Elisabetta con cuffie e microfonoUna delle curiosità più forti è capire come, pur essendo non vedente, riesca a gestire in autonomia il computer che sto utilizzando per il collegamento.

Ascoltare in tempo reale la sintesi vocale del pc o dello smartphone, o la lettura di un testo scritto in Braille, suscita grande stupore: «Ma come fai a capire cosa dice quella voce che parla così veloce? E come fai a leggere in modo così fluido usando le mani?»

Queste domande mi offrono lo spunto per spiegare che, grazie al continuo allenamento, gli altri sensi si affinano compensando la mancanza della vista in un modo che, per chi non vive in prima persona questa condizione, è difficile da immaginare.

Qualche attività interattiva li aiuta a comprendere come, per chi vede, la poca abitudine impedisca un uso pienamente efficace degli altri sensi, che in realtà sono sempre a disposizione di tutti ma spesso poco sfruttati.

Attraverso il confronto diretto e spontaneo con la guida, gli studenti scoprono che ciechi e ipovedenti in fondo non sono poi così diversi da loro: a volte cambiano le strategie e gli strumenti per affrontare i compiti della vita quotidiana, ma i risultati, le passioni e le soddisfazioni sono gli stessi, anzi queste ultime a volte sono ancora più grandi perché, si sa, le conquiste più sudate sono quelle che appagano maggiormente.

E, sempre attraverso il dialogo, scoprono che la strategia vincente per approcciarsi alla disabilità, e più in generale alla diversità, è sempre quella della spontaneità, dell'apertura all'altro senza pregiudizi, del rispetto reciproco delle esigenze altrui.

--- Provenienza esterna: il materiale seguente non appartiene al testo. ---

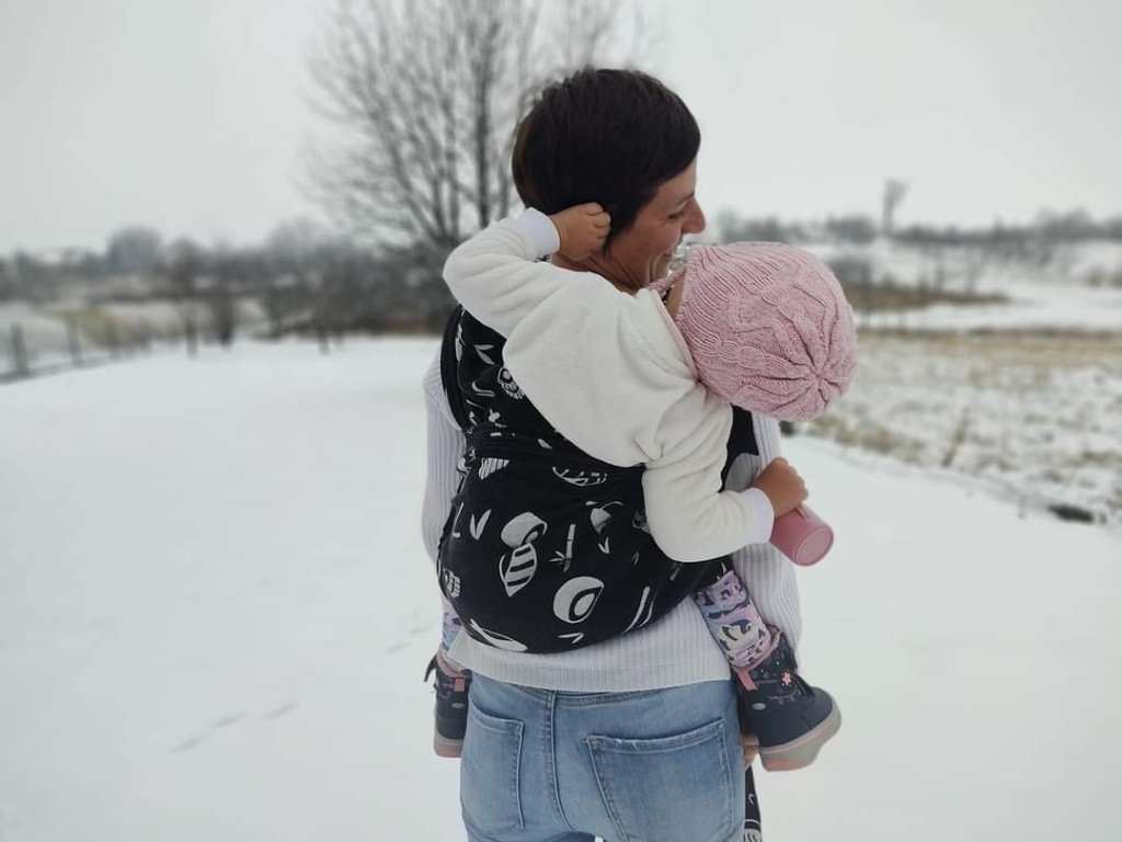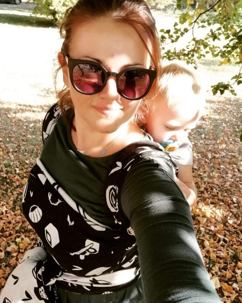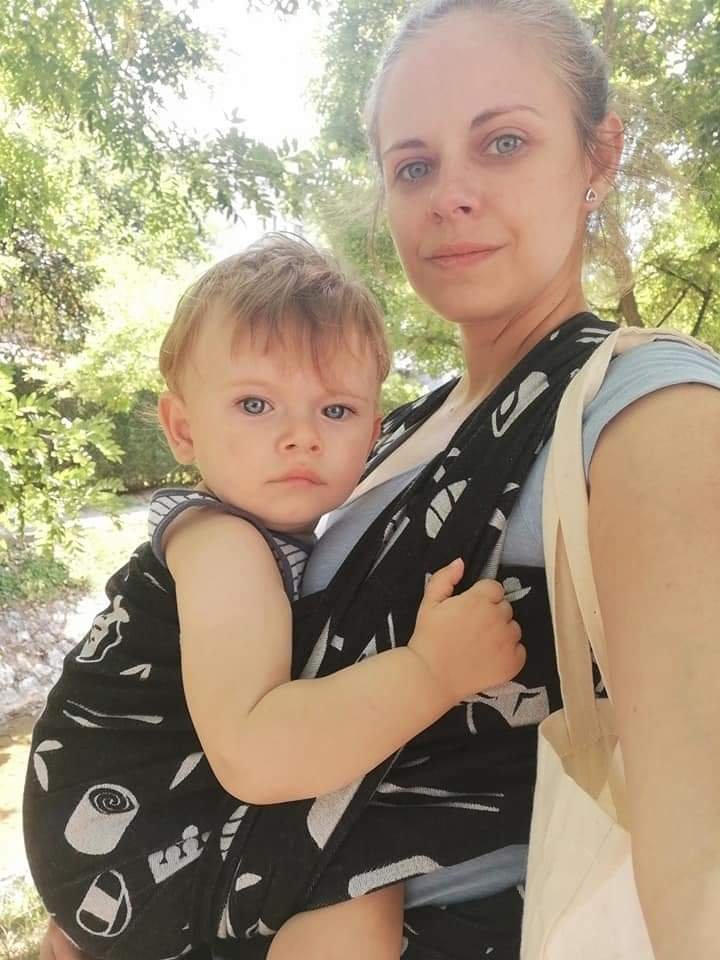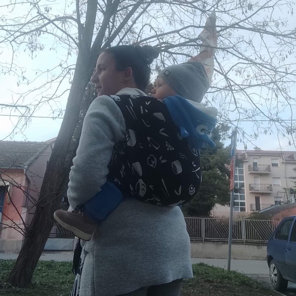 Thanks to our Lena’s traveling carriers and Mirta Zlošilo, at the end of our BW journey we had the opportunity to try two monochrome woven wraps. The kid is soon to be a 2-year-old toddlerina, weighing 11 kg. I can’t boast of experience in various finishes (lack of dexterity), so we tested the wraps in basic front carries.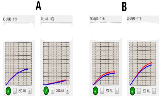 Dynamics of platelet reactivity over time. (A) Sample of favorable dynamics of platelet reactivity (defined as a decrease over time at least 5 U- area under the curve units). (Left) Normal baseline value of platelet reactivity (43 U). (Right) Decrease in value of platelet reactivity 48 h later to 9 U; the difference between both measurements is 34 U, which meets the adopted criteria of favorable dynamics. (B) Sample of unfavorable dynamics of platelet reactivity. (Left) Normal baseline value of platelet reactivity (36 U). (Right) Increase in value of platelet reactivity 48 h later to 55 U. The reported increase over time is considered as unfavorable change over time and reflects clopidogrel nonresponsiveness. The final value of platelet reactivity given as U is the average between values obtained in two pairs of electrodes (marked as red and blue lines).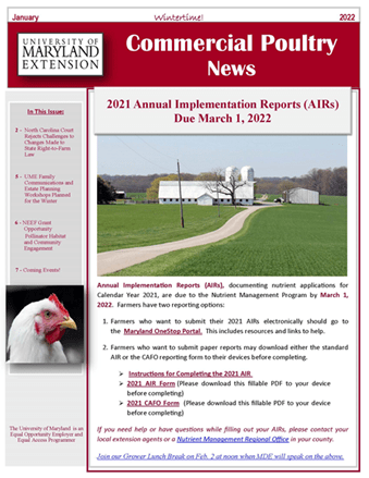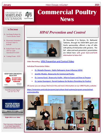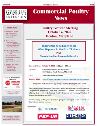 The Commercial Poultry Newsletter comes out quarterly to address topics in the poultry industry that you may learn from, news that needs your attention, and also we try to celebrate our growers and industry here in Delmarva.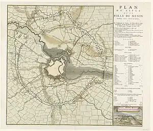 Menin had been occupied by the French since 1678 and turned into a formidable fortress by Vauban. The fortress was manned by some 5,000 French soldiers under command of general de Caraman and military governor Louis d'Etendart, Marquis de Bully.[3]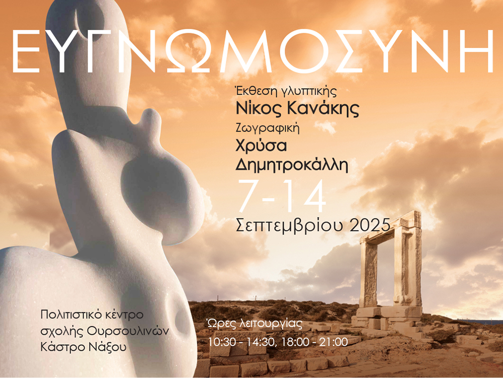 Με το τίτλο «Ευγνωμοσύνη» ξεκινά την Κυριακή 7 Σεπτεμβρίου στο πολιτιστικό χώρο της σχολής Ουρσουλινών στο κάστρο Νάξου, η έκθεση γλυπτικής και ζωγραφικής του Νίκου Κανάκη και της Χρύσας Δημητροκάλλη.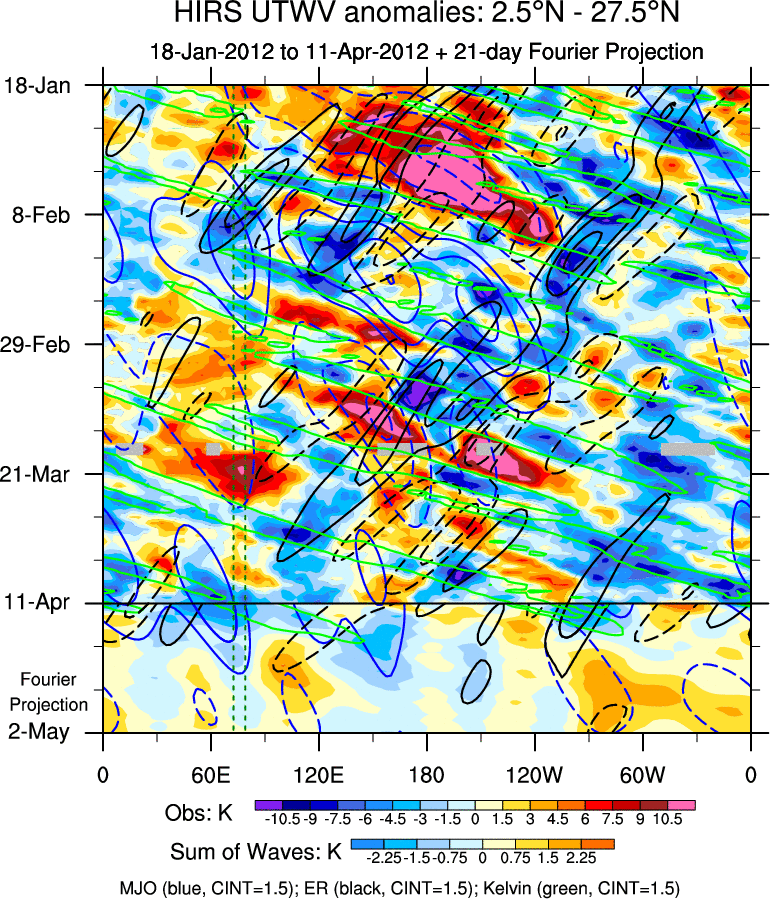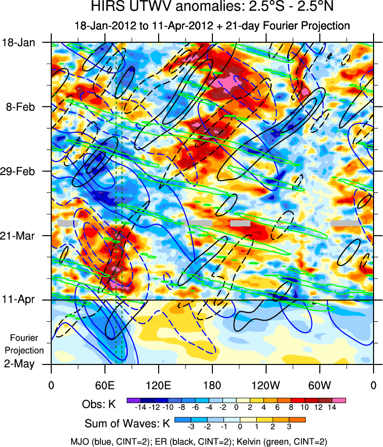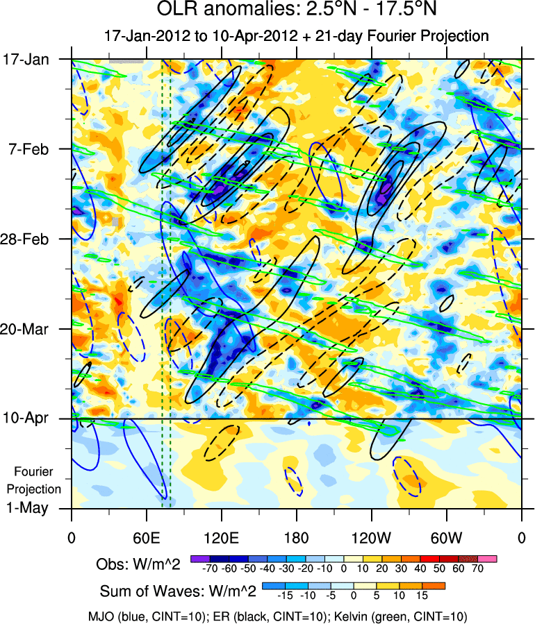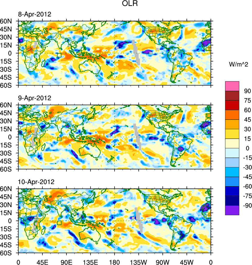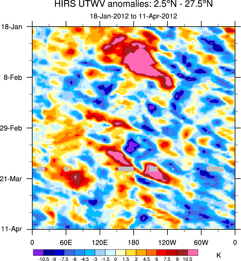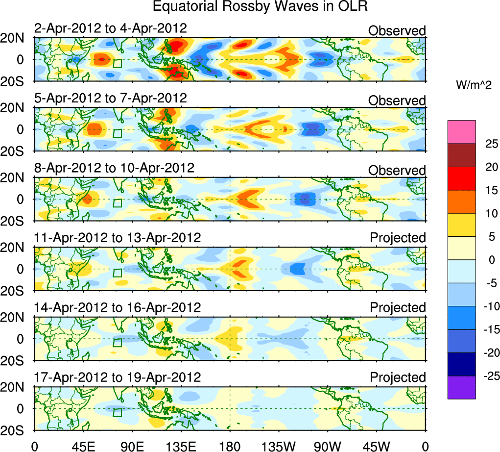 To identify tropical waves in near real-time, the OLR and UTWV data are filtered following Wheeler & Weickmann (2001 MWR). The daily anomalies are calculated using the first 3 harmonics of the seasonal cycle for 1979–2009. Missing values are then filled using linear interpolation in space and time. The most recent 365 days of anomalies are padded with 659 days of zeroes, and the result is filtered for each wave type.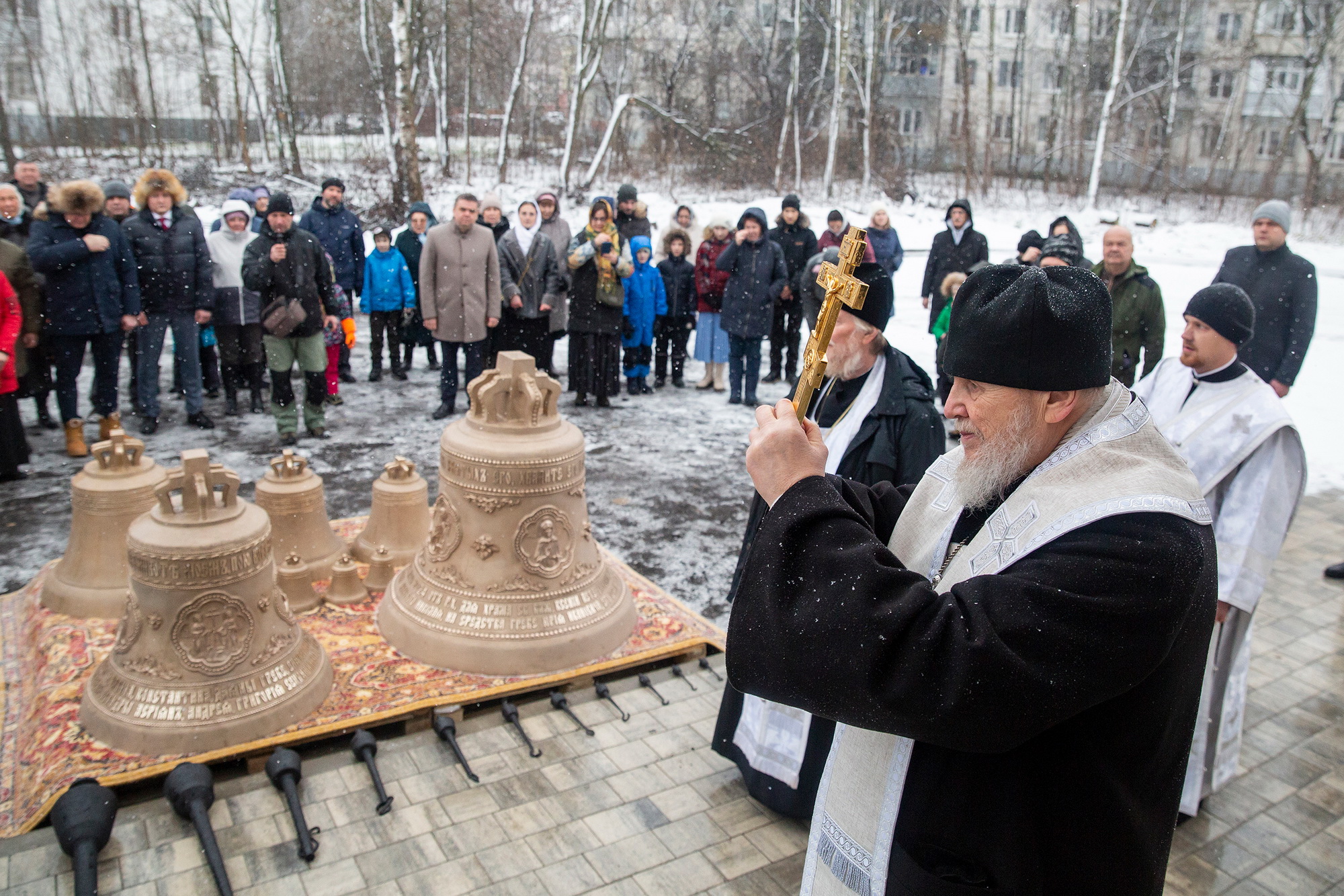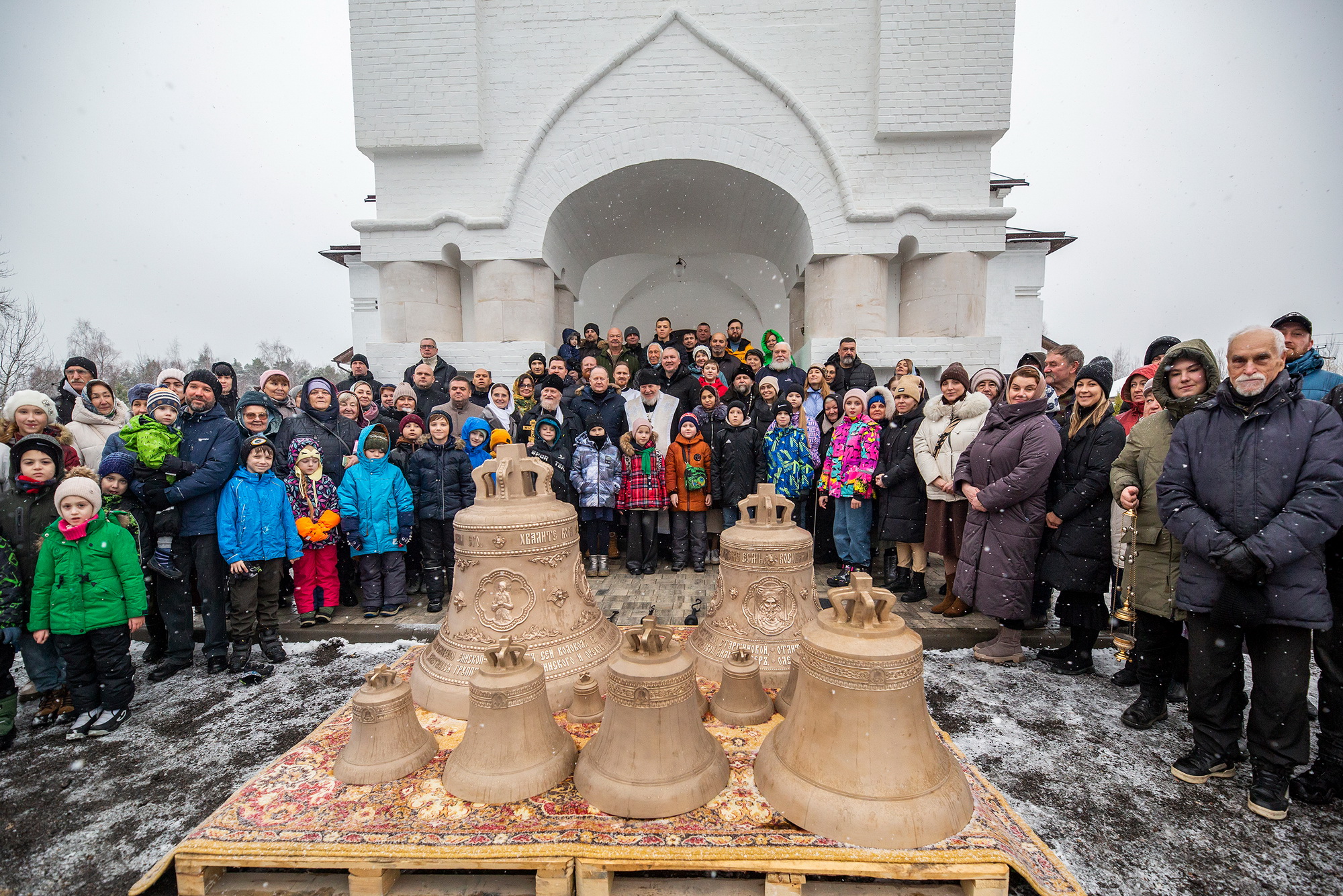 Колокола были изготовлены на средства руководителя компании «Пластмасс групп» Юрия Ивановича Гребе, его семьи и помощников на Московском колокольном заводе «ЛИТЭКС».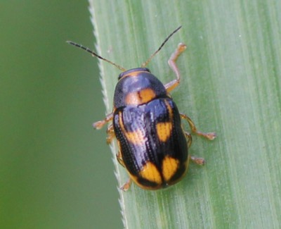久しぶりに初見のハムシを見つけたと思ったら、数枚撮っただけで逃げられてしまいました。残念。この個体の上翅の黄色紋は、四つに分かれていますが、上下の二つがすじ状に繋がっているのが普通のようです。 |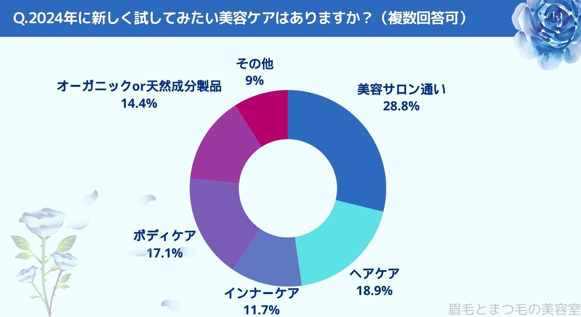 2024年に新しく試してみたい美容ケアがあるかお聞きしたところ「美容サロン通い(28.8%)」、「ヘアケア(18.9%)」、「インナーケア(11.7%)」、「ボディケア(17.1%)」、「オーガニック製品(14.4%)」、「その他(9%)」という結果になりました。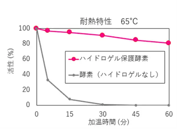 図2.アメーバハイドロゲルによって保護された酵素(β-ガラクトシダーゼ)の65℃における酵素活性(赤)は、ハイドロゲルなし(黒)の時の酵素活性の維持時間を顕著に改善 |

A proposito di dialogo: per tutti, ma soprattutto per chi non vede, la gestione di un evento online crea sicuramente qualche difficoltà. Mancano quei riscontri uditivi che, dal vivo, ci permettono di capire il livello di attenzione e interesse di chi ci sta ascoltando: uno sbadiglio soffocato, i bisbigli tra compagni, qualche esclamazione di meraviglia, ma anche quel silenzio carico di attesa e stupore che accompagna le dimostrazioni pratiche... Tutti elementi di cui sento la mancanza quando parlo davanti ad uno schermo, mentre i miei interlocutori, se stanno seguendo da casa, tengono giustamente i microfoni spenti per evitare che i rumori di sottofondo possano creare disturbo. Ecco perché ogni tanto mi interrompo per fare qualche domanda o semplicemente per chiedere: «Ci siete?» Ed ecco che le loro voci, pronte e decise, mi incoraggiano a proseguire. Anche questo è dialogo!

Diversa è la sensazione quando mi collego con le classi che fanno lezione in presenza: qui sento chiaramente il vociare vivace prima del mio intervento, la prof Che richiama all’ordine, la campanella che scandisce il cambio dell’ora… E’ come se fossi realmente con loro a scuola, tanto da percepirne l'atmosfera.

Spesso accade che l'eccezionalità di una situazione si trasformi in occasione per crescere e allargare gli orizzonti. Così l'impossibilità di accogliere fisicamente gli studenti presso la mostra ci ha spronati a cercare un modo per andare noi da loro e continuare così il dialogo.

Questa nuova forma di incontro sta rivelando un valore e un'efficacia inaspettati. Per questo siamo convinti che DialogoNet proseguirà anche quando, speriamo presto, potremo riprendere le attività in presenza, rappresentando una possibile risposta alle difficoltà di qualche scuola che, per lontananza o per problemi organizzativi di qualsiasi natura, non può raggiungerci ma non vuole rinunciare ad un’esperienza educativa così significativa per i propri studenti; ma soprattutto crediamo che DialogoNet sia una valida opportunità per preparare o completare la visita al percorso: penso alla possibilità di rispondere in modo esaustivo alle molte domande dei ragazzi o di mostrare loro concretamente il funzionamento degli ausili, incompatibile con i tempi e le modalità di svolgimento del tour classico, durante il quale l'attenzione è giustamente concentrata sull'esplorazione degli ambienti con tutti i sensi esclusa la vista.

Alla fine del laboratorio online è sempre un dispiacere chiudere la connessione, ma spesso il dialogo continua sui social, dove le classi condividono l'esperienza vissuta attraverso post, video e articoli che dimostrano l'impegno e l'interesse con cui hanno partecipato, accettando la sfida di un dialogo che, in un certo senso, è comunque al buio, perché apre alla scoperta di qualcosa di nuovo.